Я приоткрыл рот и пожал плечами; до меня только тут дошло, что она имеет в виду и о каком больничном отделении шла речь; но в следующий момент снова показалось, что я и это сам всегда знал… мне ли было не знать…
Она попробовала затянуться, но обнаружила, что сигарета потухла.

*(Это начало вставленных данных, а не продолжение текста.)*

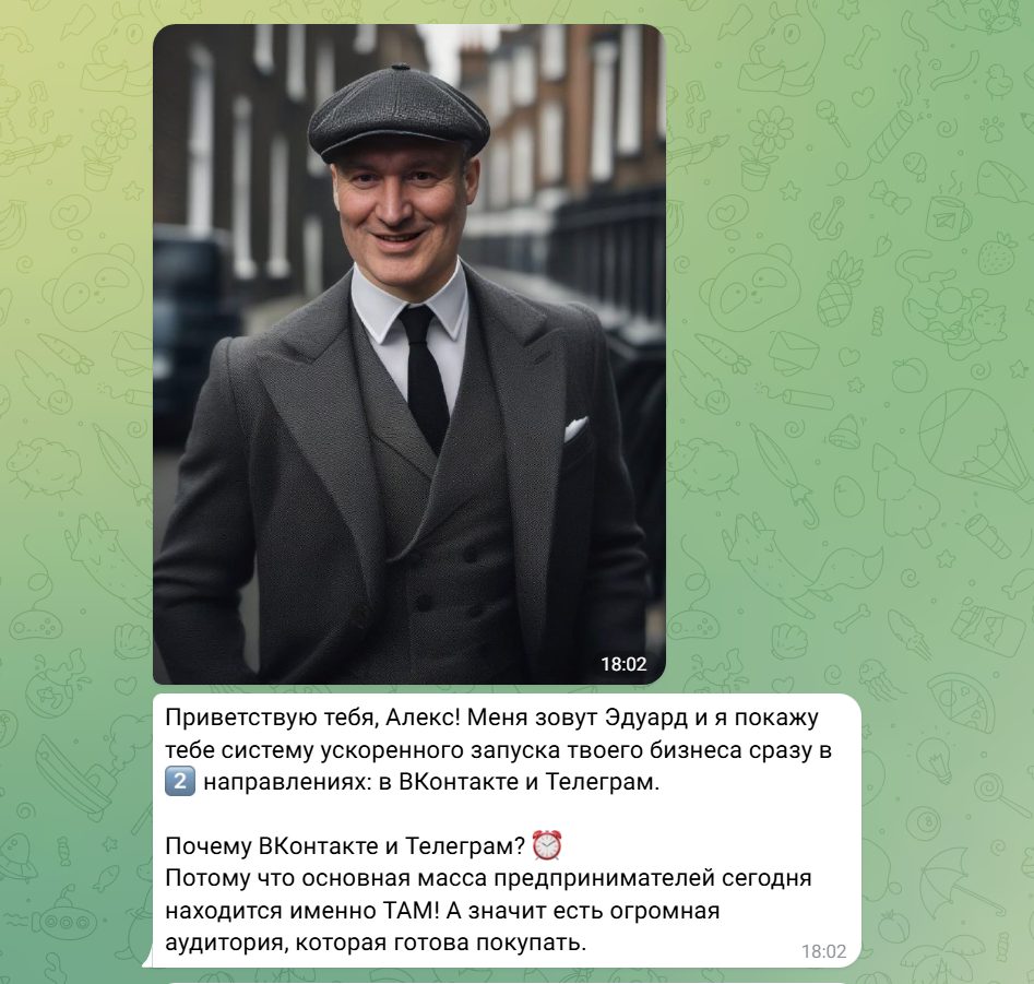 В своем официальном аккаунте автор продвигает проект Мастер по ссылке MasterVK_bot. После запуска появляется приветствие со стороны автора. Он называет себя Эдуардом и рассказывает о возможности заработка на собственном бизнесе в Телеграмме или в ВК.

— А ведь знаете, — щелкнула зажигалкой, снова выпустила из ноздрей дым, — знаете, я на днях шла тут по улице, мимо места, где мы проходили когда-то и где он оттащил меня от стены. Смотрю, а там балкон обвалился. Еще обломки лежат, торчит арматура… Я тут мало с кем знакома и общения избегаю, но краем уха улавливаю иногда разговоры о какой-то афере с цементом, воровстве или подмене, о проектных ошибках. Здесь ведь все строительство приостановлено, вы, наверное, слыхали. Может, он что-то в самом деле знал, о чем-то догадывался? О чем, может, ему знать не следовало? Написал что-то слишком неосмотрительно? Или кому-то сказал? И неверно был понят? Его сплошь и рядом не так понимали. Даже иногда я. Я, наверное, вообще не понимала, насколько у него все всерьез, при всей шутливости тона. Как будто он меня от чего-то оберегал. Его не просто было понять, мне до него надо было еще расти. И не только мне. При всей житейской беспомощности, такой на вид нелепый… Но разве обязательно понимать, когда любишь? Как я уговаривала его уехать! Я ведь здесь не могла остаться, это было невозможно по многим причинам. Почему он не захотел? Говорил, что должен остаться… как будто был здесь что-то кому-то должен. Я виновата. Думала: уеду, он рано или поздно опомнится. Что случилось? Или может быть: что с ним сделали? Я понимаю, это тоже род безумия: думать, будто еще что-то возможно. Словно бумажка — всего лишь бумажка — способна перевесить, подвести черту… можете ли вы это понять?